Top of Available data

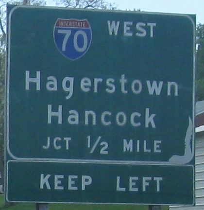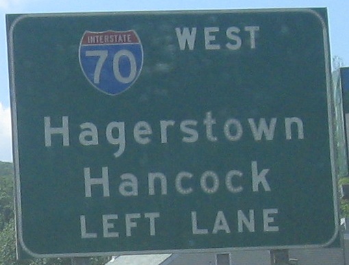 Yes, those are state-name shields. Yes, the fonts predate FHWA standards. Yes, that says... holy cow... I-70N! This is the last remnant across the nation of the suffixed routes (except I-35W/E still in existence). WB at Cooks Lane/Old Orchard Rd., which is half a block east of the Edmondson/40 split. I don't mind giving the location even if the sign comes down, because traffic looking for I-70 will just be confused until this gets replaced. But if you read this, Maryland, please save the sign for me?
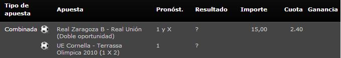 Nuestra siguiente apuesta para este fin de semana será una combinada con la victoria o empate del Zaragoza B y la victoria simple del Cornellà. Los dos partidos tienen un denominador común, y es que los dos equipos por los cuales apostamos deben conseguir los 3 puntos para lograr sus objetivos ante equipos que no se juegan nada.
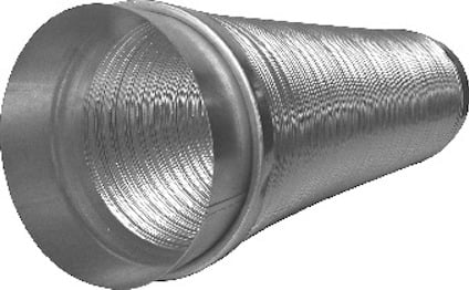 Typgodkänd som anslutning mellan spisfläkt/spiskåpa och imkanal. Lämplig även för allmän ventilation. Axiellt ihoptryckbar 4:1. Typgodkänd: SITAC nr 3685/83. Material: Korrugerat aluminiumband. Temperaturområde: Upp till +250°C.
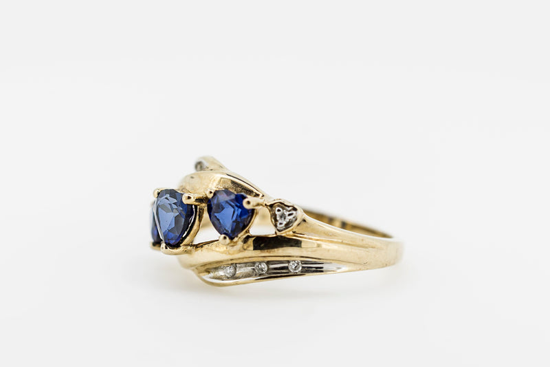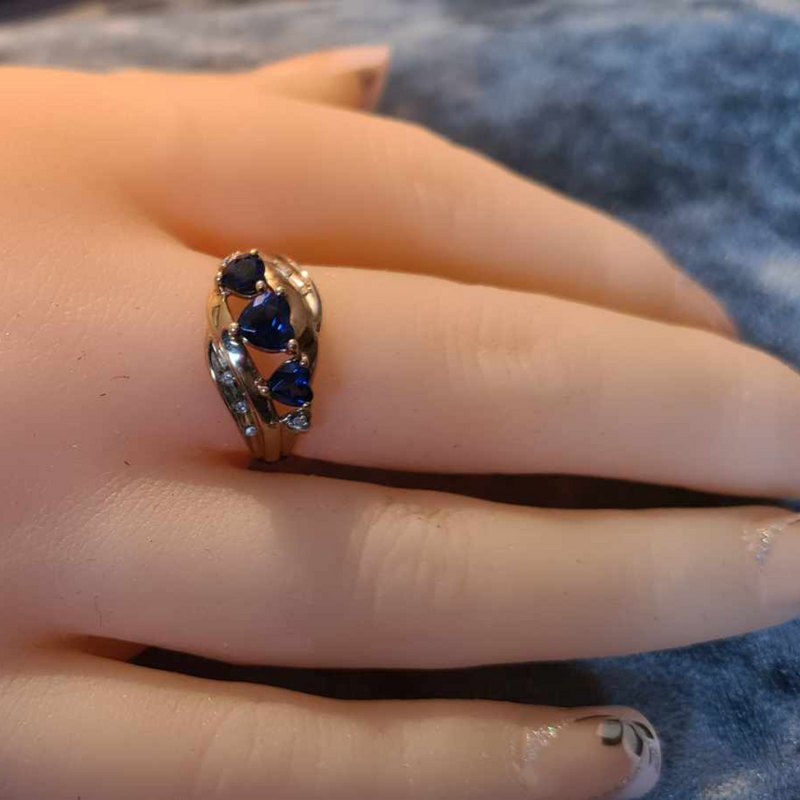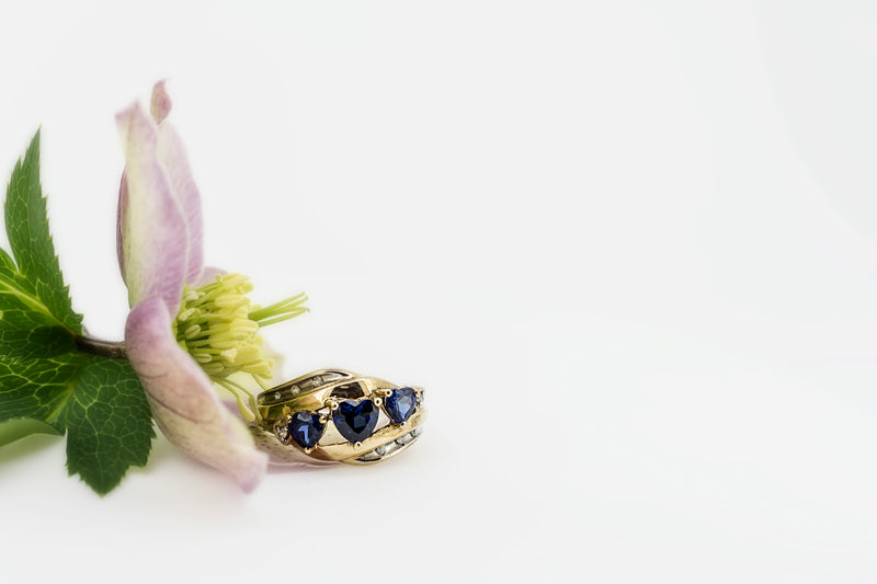 9CT GOLD WITH THREE HEART SHAPED SAPPHIRES #K11

Bottom of Available data

[Goal of the exercise]
At the line containing "Typgodkänd som anslutning", start reproducing exactly, and stop after the last line of the listing; include both ends, and leave the pictures out.

[Output for this exercise]
 Typgodkänd som anslutning mellan spisfläkt/spiskåpa och imkanal. Lämplig även för allmän ventilation. Axiellt ihoptryckbar 4:1. Typgodkänd: SITAC nr 3685/83. Material: Korrugerat aluminiumband. Temperaturområde: Upp till +250°C.
 9CT GOLD WITH THREE HEART SHAPED SAPPHIRES #K11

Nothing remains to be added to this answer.